Re: Proposal: All DOCUMENTS TO UTF-8

Posted by Tetsuya Kitahata <te...@apache.org>.

I see. Thank you all for the comments and opinions.
I'll let the /trans/xx/ dir leave as they are.

Sorry for my ignorance. we often use "native2ascii" (and reverse)
or whatever when thinking about l10n and i18n: e.g. Java Resource Bundle.
However, it might not be common in western europe, US, etc......

Right. I got it.

Again, thank you for all the comments.

Sincerely,

-- Tetsuya (tetsuya@apache.org)

P.S.
For example, "ör" compose one 'kanji' character, while "ös" compose
another 'kanji', automatically.

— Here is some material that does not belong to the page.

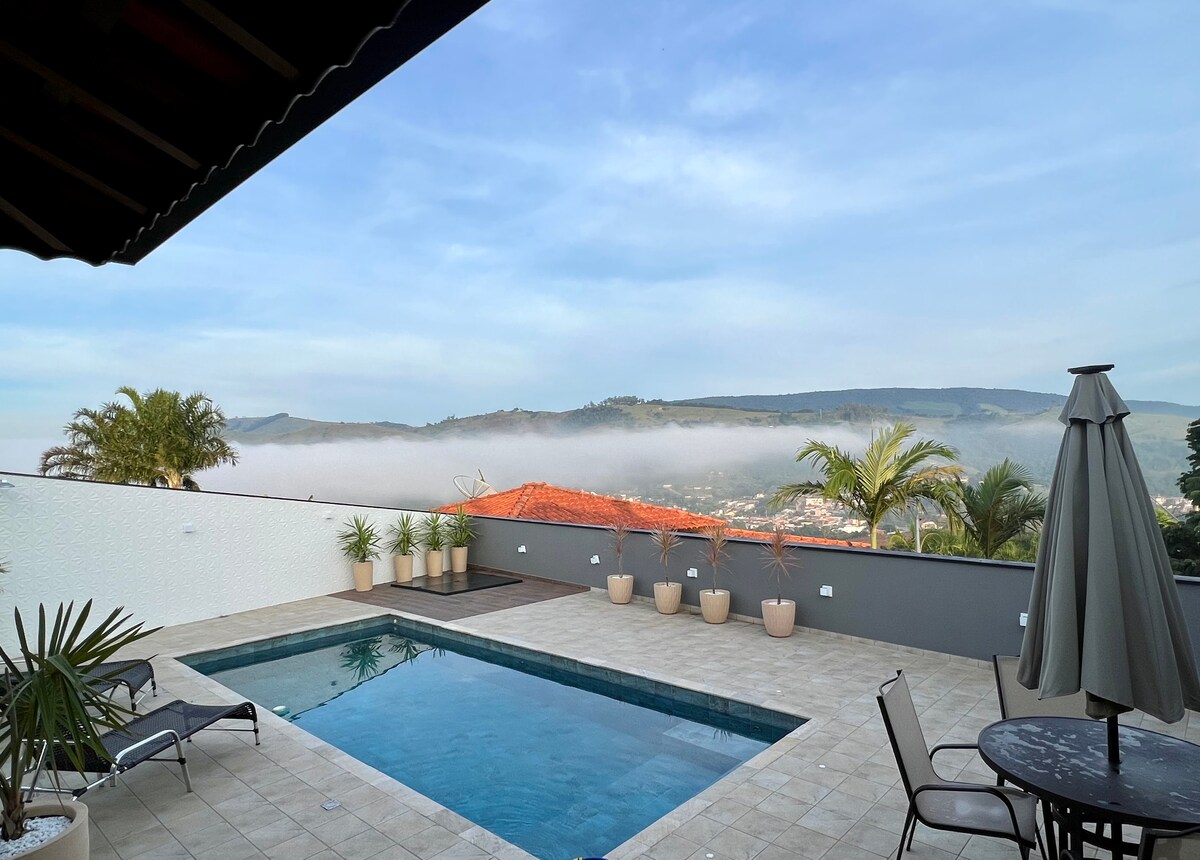 ✨ Desfrute de momentos inesquecíveis em nossa chácara exclusiva, a apenas 2 km do centro da cidade, em um bairro tranquilo e seguro, perfeita para família e amigos! Acomoda até 8 pessoas, com quartos com ar-condicionado, ambientes aconchegantes e cozinha completa. Encante-se com a vista deslumbrante para as montanhas, um pôr do sol inesquecível e noites perfeitas para admirar as estrelas. Piscina climatizada e check-in prático. Uma experiência única que une natureza, conforto e sofisticação!

This is so called 'multi-byte problem'.
Mail Clients can deal with these properly as long as the mail headers
("charset") are set appropriately, on the other hand text editors can
not do this well. This means that maybe I will not be able to 'commit'
the efforts of translations of es,de,it,.... posted in bugzilla (or [PATCH])

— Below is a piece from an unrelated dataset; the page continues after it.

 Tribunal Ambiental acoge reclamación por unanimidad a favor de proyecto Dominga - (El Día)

---------------------------------------------------------------------

On Fri, 20 Jun 2003 15:15:26 -0400
(Subject: Re: Proposal: All DOCUMENTS TO UTF-8)
"Andrew C. Oliver" <ac...@apache.org> wrote:

> I'm inclined to agree.  Editors that do the \uxxx are not common in
> countries such as Spain, Mexico, the US.  This would constitute a nasty
> barrier to entry that would probably discourage contribution.
> 
> -Andy
> 
> On 6/19/03 6:11 PM, "Rainer Klute" <ra...@epost.de> wrote:
> 
> > On Wed, 18 Jun 2003 03:31:39 +0900 Tetsuya Kitahata <te...@apache.org>
> > wrote:
> >> I think that some of current documents (e.g. news.xml, trans/es/*.xml)
> >> have "ISO-8859-1" encoding style. However, my favorite text editor
> >> can not read them properly (garbled chars) at the point of
> >> "Umlauts" and "Ntildes" etc.
> > 
> > I think each file should have the encoding that fits best for its particular
> > language. So please leave ISO-8859-1 for the western languages and use UTF-8
> > or whatever fits best for Japanese.
> > 
> > Best regards
> > Rainer Klute
> > 
> >                          Rainer Klute IT-Consulting GmbH
> > Dipl.-Inform.
> > Rainer Klute             E-Mail:  klute@rainer-klute.de
> > Körner Grund 24          Telefon: +49 172 2324824
> > D-44143 Dortmund           Telefax: +49 231 5349423
> > 
> > ---------------------------------------------------------------------
> > To unsubscribe, e-mail: poi-dev-unsubscribe@jakarta.apache.org
> > For additional commands, e-mail: poi-dev-help@jakarta.apache.org
> > 
> 
> -- 
> Andrew C. Oliver
> http://www.superlinksoftware.com/poi.jsp
> Custom enhancements and Commercial Implementation for Jakarta POI
> 
> http://jakarta.apache.org/poi
> For Java and Excel, Got POI?
> 
> 
> ---------------------------------------------------------------------
> To unsubscribe, e-mail: poi-dev-unsubscribe@jakarta.apache.org
> For additional commands, e-mail: poi-dev-help@jakarta.apache.org

-----------------------------------------------------
Tetsuya Kitahata --  Terra-International, Inc.
E-mail: kitahata@bb.mbn.or.jp : tetsuya@apache.org
http://www.terra-intl.com/
(Apache Jakarta Translation, Japanese)
http://jakarta.terra-intl.com/

Re: Proposal: All DOCUMENTS TO UTF-8

Posted by "Andrew C. Oliver" <ac...@apache.org>.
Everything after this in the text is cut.